A very powerful trend is playing out right now — more and more top tech companies are making a larger part of their machine learning as realtime as possible. So much so that many are skipping the offline phase  and directly starting with realtime ML systems. More specifically, the trend is to make the following parts of the ML stack realtime :
- Model scoring. Precomputing the model’s decision for each user/request every day used to be a rather common approach until very recently. But this has mostly gone out of fashion now in sophisticated ML shops and has been replaced with model scoring happening online in the live request path.
- Feature extraction. Earlier features used to be computed via daily pipelines. Now a much larger % of these are being replaced with stream processing-based realtime features. Note that this is a strict superset of model scoring — if the features are realtime, it’s impossible to precompute model scores. But it’s still possible to do online model scoring with batch features.
In this post, we’ll look at the top seven reasons why this trend is playing out. But first, let’s first establish a common ground for what we mean by offline machine learning and how it is different from realtime machine learning.
Definition: Offline ML vs Realtime ML
A machine learning system is considered offline if the decisions are based on relatively stale information — say hours/days old. Often offline ML is implemented as a cron/pipeline that runs once a day and computes all the decisions. In contrast, an ML system is realtime when most of the decisions are made using fairly realtime information (e.g. lag of a couple minutes at most). Such systems often can not be implemented via traditional batch pipelines and cron jobs.
Seven Reasons For Using Realtime ML
- Cold Start of Users/Inventory
- Long Tail Predictions
- In Session Personalization
- Logged Out Users
- Experimentation Velocity
- Hardware Cost
- Simplicity of the Stack
Let’s go through these one by one
1. Cold Start Of Users/Inventory
In the offline world, by definition, decisions are based on stale data and are computed periodically, say once a day. This may work well for most users & items, but for a lot of products, new users are signing up all the time. It’s a known fact that the first couple of experiences have a particularly strong impact on users’ long-term retention. So personalizing any user’s first couple of experiences is crucial. But this user ID did not even exist when the batch job last ran a few hours ago. And so, offline systems cannot provide any degree of personalization to these users, which is very costly for the product’s long-term growth/revenue.

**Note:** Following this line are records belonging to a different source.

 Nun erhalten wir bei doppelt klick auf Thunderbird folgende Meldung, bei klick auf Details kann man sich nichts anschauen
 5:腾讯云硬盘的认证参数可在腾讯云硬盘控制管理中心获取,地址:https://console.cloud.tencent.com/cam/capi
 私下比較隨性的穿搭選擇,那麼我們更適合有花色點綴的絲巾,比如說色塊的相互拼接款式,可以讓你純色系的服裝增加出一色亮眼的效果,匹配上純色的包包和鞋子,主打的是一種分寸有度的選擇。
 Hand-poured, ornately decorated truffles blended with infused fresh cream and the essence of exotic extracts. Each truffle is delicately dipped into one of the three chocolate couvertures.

The same phenomenon plays out for cold-start inventory as well. Let’s say a news story appears in a news product — it’s simply unacceptable for it to not get any distribution whatsoever for a whole day. News is obviously an outlier example, but the same thing happens to varying degrees in lots of other verticals as well. As another example, it’s a well-known fact that in any marketplace, the first experience of a seller matters a great deal in them coming back for more later — and so it can be a very powerful experience if a seller uploads a product (or content in the content world) and gets some engagement (e.g., clicks, likes, orders) right away within a few minutes.

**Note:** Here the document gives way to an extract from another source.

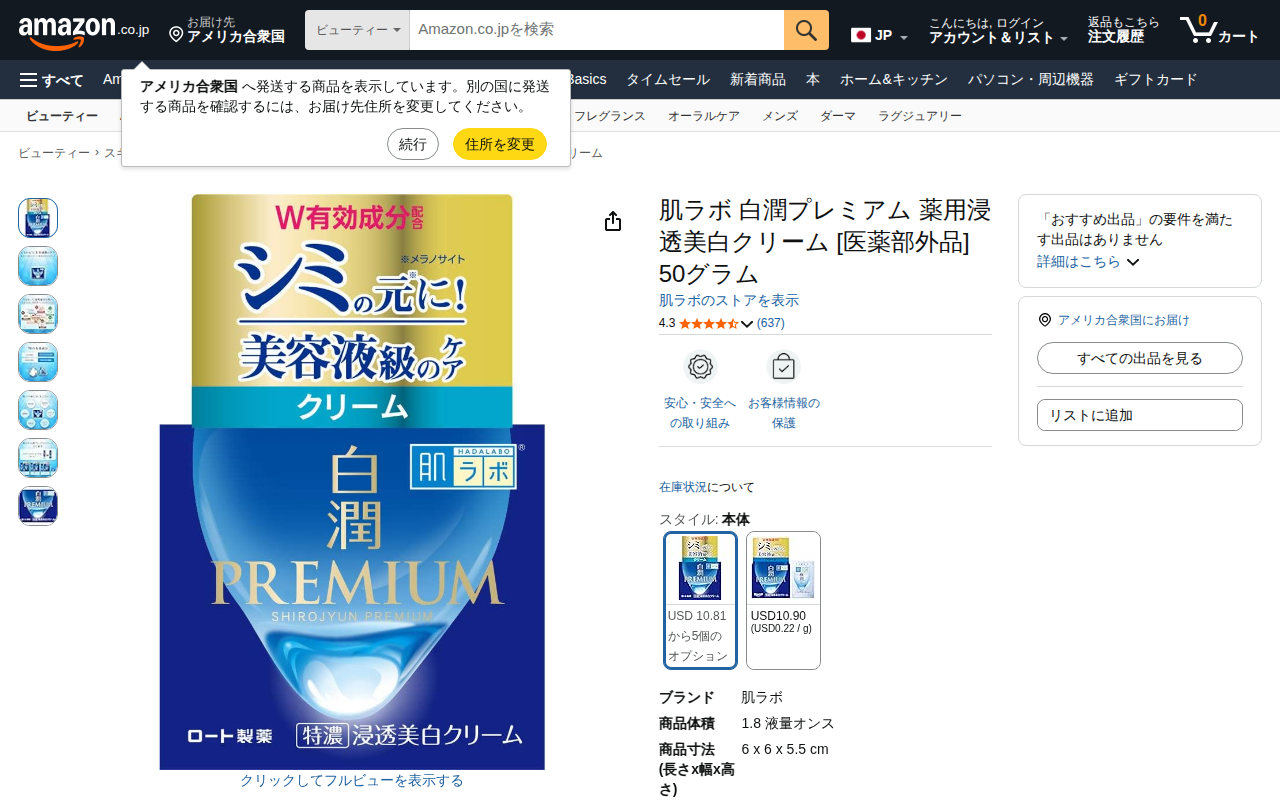This page displays a Hadalabo Shirojyun Premium medicated whitening cream product on Amazon.co.jp. The 50-gram...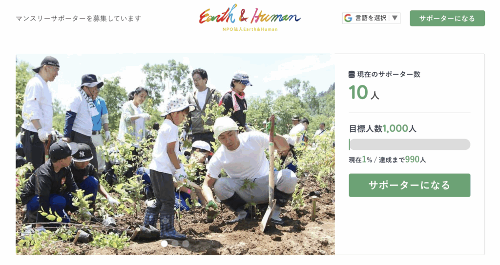 美しい地球環境を未来に届けるために、人々の力を集めて大きな行動につなげていきたい。Earth&Humanのマンスリーサポーターに是非ご参加ください。

Realtime ML systems have a natural edge for handling cold-start scenarios like this, which compounds over time and can create a vastly superior long-term lift.
2. Long Tail Predictions
Even for users who aren’t cold per se, a vast majority of them will not be shopping on your e-commerce website every day. Most consumer internet products have a power law distribution where on one side, some people are a lot more active than others, and yet the bulk of the activity lies in the long tail.
Let’s focus on a particular user who has visited your product twice before, the last visit being a month ago. Now imagine that this user shows up today — they will spend a few minutes trying to find whatever they are looking for, and if they can’t find it, they will eventually get frustrated and give up. If the ML system was offline, it only has access to two data points in their browsing history, and even those two data points are fairly old. However, the realtime system can instantly take their latest interactions in context — and going from 2 to 3 data points for personalization is literally 33% more data. Unsurprisingly, realtime systems significantly outperform their offline peers for long-tail.
Now, this would have been a boundary case if most of the users were daily active users and we had hundreds of data points about each — in that case, not including a data point for a day or so would not matter as much. But unfortunately, that is not the situation most products find themselves in — the bulk of their usage is from a collection of an extremely long tail of users.
The same phenomena plays out in most kinds of predictions. Let’s say you’re trying to build a system to detect credit card fraud. Some of the most powerful signals in such a system are counters quantifying the user’s past shopping history — e.g., how many times the user has bought something from this vendor. And since many of these are sparse (e.g., there is a long tail of restaurants where I have shopped just 1-2 times), realtime systems enjoy the exact same benefit over their offline peers.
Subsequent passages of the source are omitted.